It has never been easier to write and deploy complex programs like these. Cloud computing companies who own datacenters (such as Google, Amazon, and Microsoft) will gladly rent out computer services at a touch of a button, on demand. Using designs like microservices, it is easy for programmers to construct complex programs out of smaller, simpler building blocks. There are frameworks and open-source software packages to help developers construct big applications out of small pieces, to spread those pieces out over multiple machines in a datacenter, and to have the pieces communicate and interact with each other over the network.
Problems show up when software goes live. Compared to developing and deploying the software, it is much harder to make sure everything goes smoothly when the software is up and running. Distributed computer programs have lots of moving pieces, and there are lots of opportunities for things to go wrong. For example, if one machine in the datacenter has a hardware problem, or the code is buggy, or too many people are trying to access it at once, the effects can be wide-ranging. It can create a butterfly effect of problems, which we term cascading failures, that can lead to the app or website as a whole becoming slow, or going down entirely. It's hard for programmers to get to the bottom of these kinds of problems, because there's no single machine or process doing all the work. A problem that occurs on one machine might manifest as strange symptoms on a different machine later on. Figuring out the root cause of a problem is challenging, as is anticipating problems in the first place. Even big internet companies like Facebook and Google experience problems like this today.
These kinds of problems motivate the research of the Cloud Software Systems Research Group at the Max Planck Institute for Software Systems. We research ways for operators to understand what's going on in their live distributed system, to troubleshoot problems when they occur at runtime, and to design systems that proactively avoid problems. One approach we take is to design distributed tracing tools that can be used by the system operators. The goal of distributed tracing is to record information about what a program does while it's running. The tools record events, metrics, and performance counters, which together expose the current state and performance of the system, and how it changes over time. A key additional step taken by distributed tracing tools is to record the causal ordering of events happening in the system — that is, the interactions and dependencies between machines and processes. Causal ordering is is very useful for diagnosing problems that span multiple processes and machines, especially when there might be lots of concurrent, unrelated activity going on at the same time. It lets us reconstruct the end-to-end execution paths of requests, across all components and machines, and then reason about the sequence of conditions and events that led up to a problem. Without causal ordering, this information is missing, and pinpointing the root cause of a problem would be like searching for a needle in a haystack.

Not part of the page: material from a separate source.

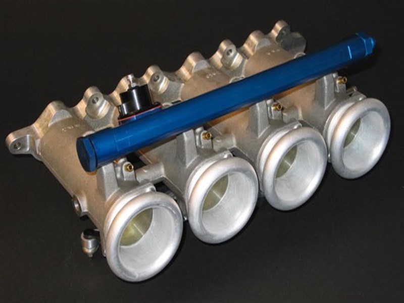 Designed with the serious motorsport competitor in mind, this kit brings the advantages of individual runner performance to many of today’s high output engines. These units breathe through four throttles into a runner designed to be a straight shot to the cylinder head where it joins the port at the optimal angle for maximum flow. All kits include adjustable fuel pressure regulator, fuel rail, billet linkage, full radius air horns and throttle position sensor (TPS). Supplied without injectors but fuel rails to accept several different types of injectors are available.

The Cloud Software Systems Research Group has looked at a number of challenges in making distributed tracing tools efficient, scalable, and more widely deployable. In our recent work, we have thought about how you can efficiently insert instrumentation to record entirely new information, into an already-running system, without having to rebuild or restart the system . We have looked at problems in dealing with the large volume of data generated by distributed tracing tools, and deciding which data is most valuable to keep if there's not enough room to keep it all . We have also considered the implications of distributed tracing at extremely large scale, and how to efficiently collect, aggregate, and process tracing data in real-time .
In our ongoing work, we are investigating ways for the data recorded by tracing tools to feed back in to decisions made by datacenter infrastructure, such as resource management, scheduling, and load balancing. We are also considering new challenges that arise in scalable data analysis: how do you analyze large datasets of traces and derive insights about aggregate system behavior? One approach we are exploring uses techniques in representational machine learning, to transform richly annotated tracing data into a more tractable form for interactive analysis. More broadly, our group investigates a variety of approaches besides just distributed tracing tools, including ways to better design and develop the distributed systems in the first place. Ultimately, our goal is to make modern cloud systems easier to operate, understand, and diagnose.
 Jonathan Mace, Ryan Roelke, and Rodrigo Fonseca. Pivot Tracing: Dynamic Causal Monitoring for Distributed Systems. In Proceedings of the 25th ACM Symposium on Operating Systems Principles (SOSP '15), 2015.
 Pedro Las-Casas, Jonathan Mace, Dorgival Guedes, and Rodrigo Fonseca. Weighted Sampling of Execution Traces: Capturing More Needles and Less Hay. In Proceedings of the 9th ACM Symposium on Cloud Computing (SoCC'18), 2018.
 Jonathan Kaldor, Jonathan Mace, Michał Bejda, Edison Gao, Wiktor Kuropatwa, Joe O'Neill, Kian Win Ong, Bill Schaller, Pingjia Shan, Brendan Viscomi, Vinod Venkataraman, Kaushik Veeraraghavan, Yee Jiun Song. In Proceedings of the 26th ACM Symposium on Operating Systems Principles (SOSP '17), 2017.